Titin is the largest sarcomere protein and exists in 2 isoforms: N2BA and N2B. N2BA is the longer more compliant form while N2B is the shorter and stiffer form [94]. A shift in the titin isoform profile or general titin hypo-phosphorylation is linked in the development of cardiac dysfunction. Changes in titin vary in DM ranging from increased [93] to decreased distribution. In another subsequent study, Pappritz et al. found significantly lower titin intensity distribution in db/db mice (T2DM) compared to non-diabetic mice. In addition, protein level evaluation found a lower N2BA/N2B ratio and titin hypo-phosphorylation in db/db mice [95]. These results would conform to the literature that DM is associated with low protein kinase G (PKG) and protein kinase A (PKA) activity and would lead to titin hypo-phosphorylation and cardiomyocyte stiffness [96,97,98,99,100].

Functional ventricular changes in diabetic cardiomyopathy

In addition to factors discussed previously (hyperglycaemia and Ca2+ homeostasis impairment), other pathological elements contribute to ventricular changes and they include increased free fatty acid (FFA) levels, cardiac and systemic insulin resistance, systemic and tissue inflammation, and the activation renin–angiotensin–aldosterone system (RAAS) and the sympathetic nervous system [101].

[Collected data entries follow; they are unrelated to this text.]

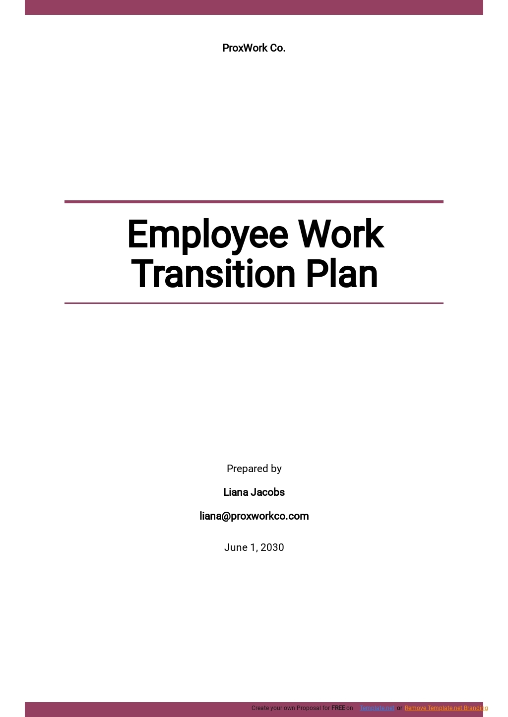 Here is a simple template that can be used to create a work transition plan:
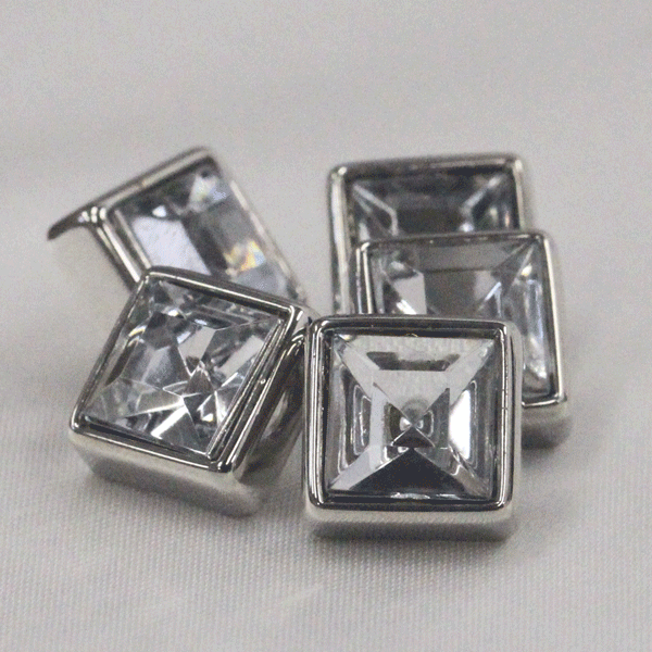 ボタン プラスチックボタン 12mm 1個入 四角 シルバー ニッケル ビジューボタン ラインストーン アクリル 12ミリ ブラウスやシャツにどうぞ
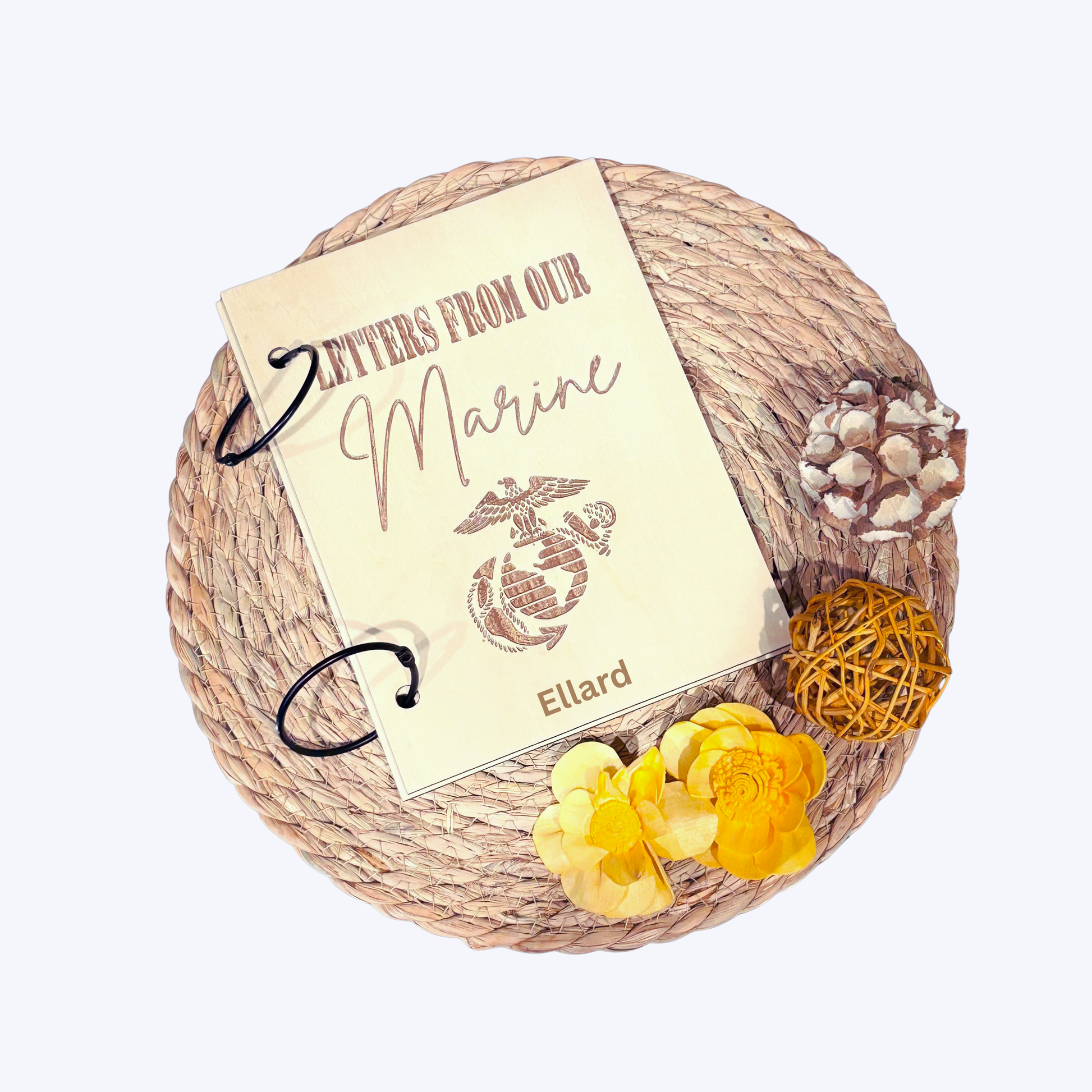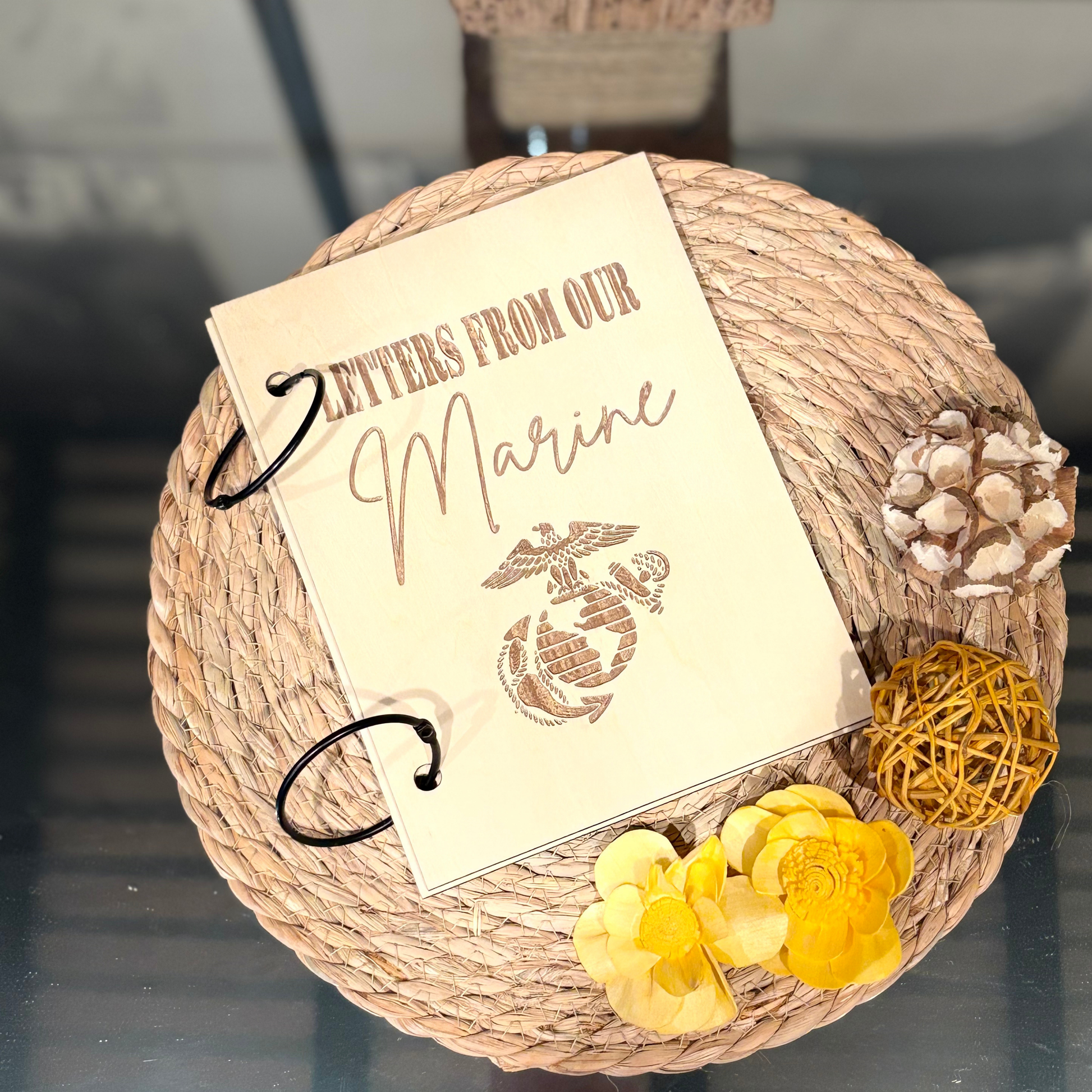 Boot camp and deployments are filled with letters that tell the story of courage, sacrifice, and love. This laser-cut wooden keepsake book is the perfect way for parents, spouses and loved ones to save and treasure every word.

In the hyperglycaemic environment, extracellular matrix (ECM) protein overproduction causes increased myocardial stiffness and subsequent cardiac dysfunction, eventually leading to cardiac failure [102]. Stimulation of transforming growth factor-beta (TGF-β) induces differentiation of cardiac fibroblasts into myofibroblasts leading to excessive collagen production [103]. Matrix metalloproteinases (MMPs) are a proteolytic enzyme family that plays a significant role in the destruction of EC matrix. Studies have shown a subtype, MMP-2, is downregulated, with reduced activity in diabetic hearts which contributes to fibrosis [104, 105].

In the early stage, diabetic cardiomyopathy is clinically asymptomatic and characterized by increased fibrosis and stiffness. However, there is increase in atrial filling and enlargement, reduction of early diastolic filling as well as an elevated left ventricular end-diastolic pressure [106]. These changes can be detected with magnetic resonance imaging (MRI) and echocardiography.

In the advanced stage of diabetic cardiomyopathy, changes at the cellular level such as impaired autophagy of apoptotic and/or necrotic cells, maladaptive immune response and oxidative stress increase cardiac fibrosis which initially result to impairment of left ventricular diastolic function as well as a slight decrease in ejection fraction. Early systolic dysfunction also begins to occur at this stage [91, 101]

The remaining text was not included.